A lo largo de estas últimas semanas, me he preguntado muchas veces cómo empezaría a
escribir estas líneas. A menudo, nos planteamos el rumbo que tomarán las cosas, solo para
descubrir que el camino que elegimos difiere de nuestras expectativas iniciales. En mi caso,
compartir mi experiencia con Factoría no es solo una oportunidad, sino una forma de
expresar la gratitud profunda que siento por la puerta que se abrió ante mí en diciembre de
2022.

Factoría ya había llamado mi atención en años anteriores, mostrándome a personas
inspiradoras de las que aprendía constantemente. No creo en las casualidades, y mi llegada
a la décima edición de este programa se sintió como una parada obligatoria en ese camino
que cada uno recorremos solos, a veces en paralelo o rodeado de otros viajeros. En mi
caso, tuve la suerte de estar rodeada de compañeros igual de excepcionales.

A veces, la vida nos presenta desafíos y depende de nosotros encontrar las herramientas
para superarlos. Cuando reflexiono sobre mi camino en Factoría de Talento, se me vienen
muchas palabras a la mente, pero ninguna define mejor mi experiencia que «extraordinaria».
Conocer a mis compañeros, de quienes he aprendido tanto y con quienes he descubierto
que las cosas pueden funcionar de maneras diferentes, ha sido todo un viaje emocional.

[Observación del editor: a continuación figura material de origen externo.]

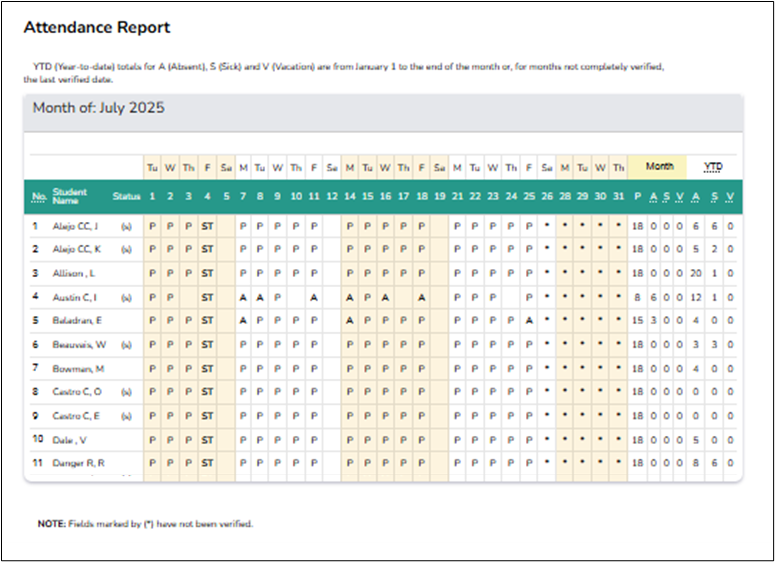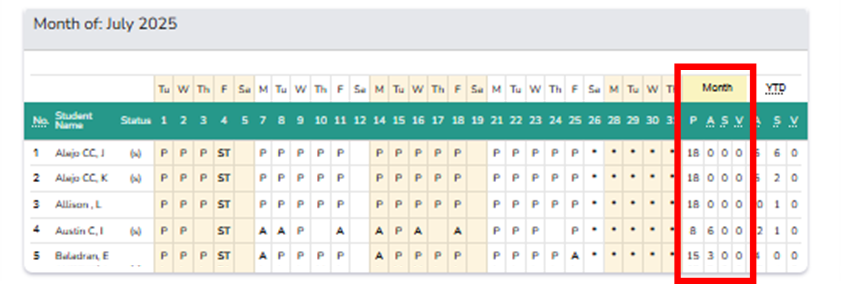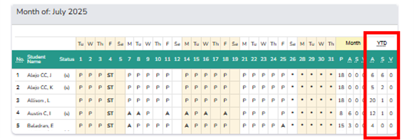 D. YTD Totals – Year-to-date totals of Absent (A), Sick (S), and Vacation (V) from January 1 to the last verified date.

Conocer a mi equipo, que me ha aportado un inmenso valor en estos últimos meses y me
ha ayudado a definirme aún más. Conocer a los profesores, quienes me han guiado para
explorar mis múltiples facetas y atreverme siempre a descubrir un poco más, ha sido un
viaje de autodescubrimiento y crecimiento personal.

Notar cómo el programa se ha quedado en mí, semana tras semana, me ha hecho sentirme
más consciente y agradecida por cómo la vida coloca personas en nuestro camino para
enseñarnos y enriquecernos. Atreverse a abrazar esta experiencia, disfrutarla y enfrentar el
momento en que llega a su fin ha sido uno de mis mayores aprendizajes.
A veces, simplemente debemos aceptar las oportunidades que se nos presentan, abrazar
los cambios y vivir un poco mejor. Factoría de Talento me ha inspirado a hacer exactamente
eso, y por ello, estoy profundamente agradecida.

 

Gracias, siempre.
Elena.

QUE EL TALENTO FLOREZCA

Para que una planta germine, crezca y florezca, se necesita mucho más que una buena
semilla. Se necesita un suelo repleto de nutrientes; se necesitan agua y luz del sol, en
cantidades justas. Se necesitan muchas cosas, pero, en definitiva, se necesitan tiempo y
condiciones favorables a cada tipo de planta.
¿Qué se necesita, pues, para que florezca la semilla del talento de cada uno de nosotros?
Hace unos meses, mi respuesta hubiese sido bastante diferente. A día de hoy, después de
llenar mi vida durante 6 meses de Factoría de Talento, he descubierto la magia del
querernos, uno de los mejores nutrientes para esta planta que tanto atesoramos.
Qué importante es la gente de la que nos rodeamos. Durante 6 meses, hemos aprendido
juntos, hemos creado redes de seguridad juntos, hemos compartido momentos vulnerables
juntos, hemos trabajado juntos, y sobre todo, nos hemos reído juntos. Nos hemos querido
juntos, y todas esa diversidad de semillas, brotes y plantas ha florecido con diferentes
formas y colores. Los elementos individuales de esta red de seguridad nos hemos
convertido en partes de un jardín.
Quizás el talento florece al cogernos de la mano entre nosotros. Quizás el talento florece
cuando nos sentimos a salvo al decir en voz alta lo que pensamos. Quizás el talento florece
al reírnos juntos alrededor de una mesa en el mismo bar de Conde Casal cada jueves.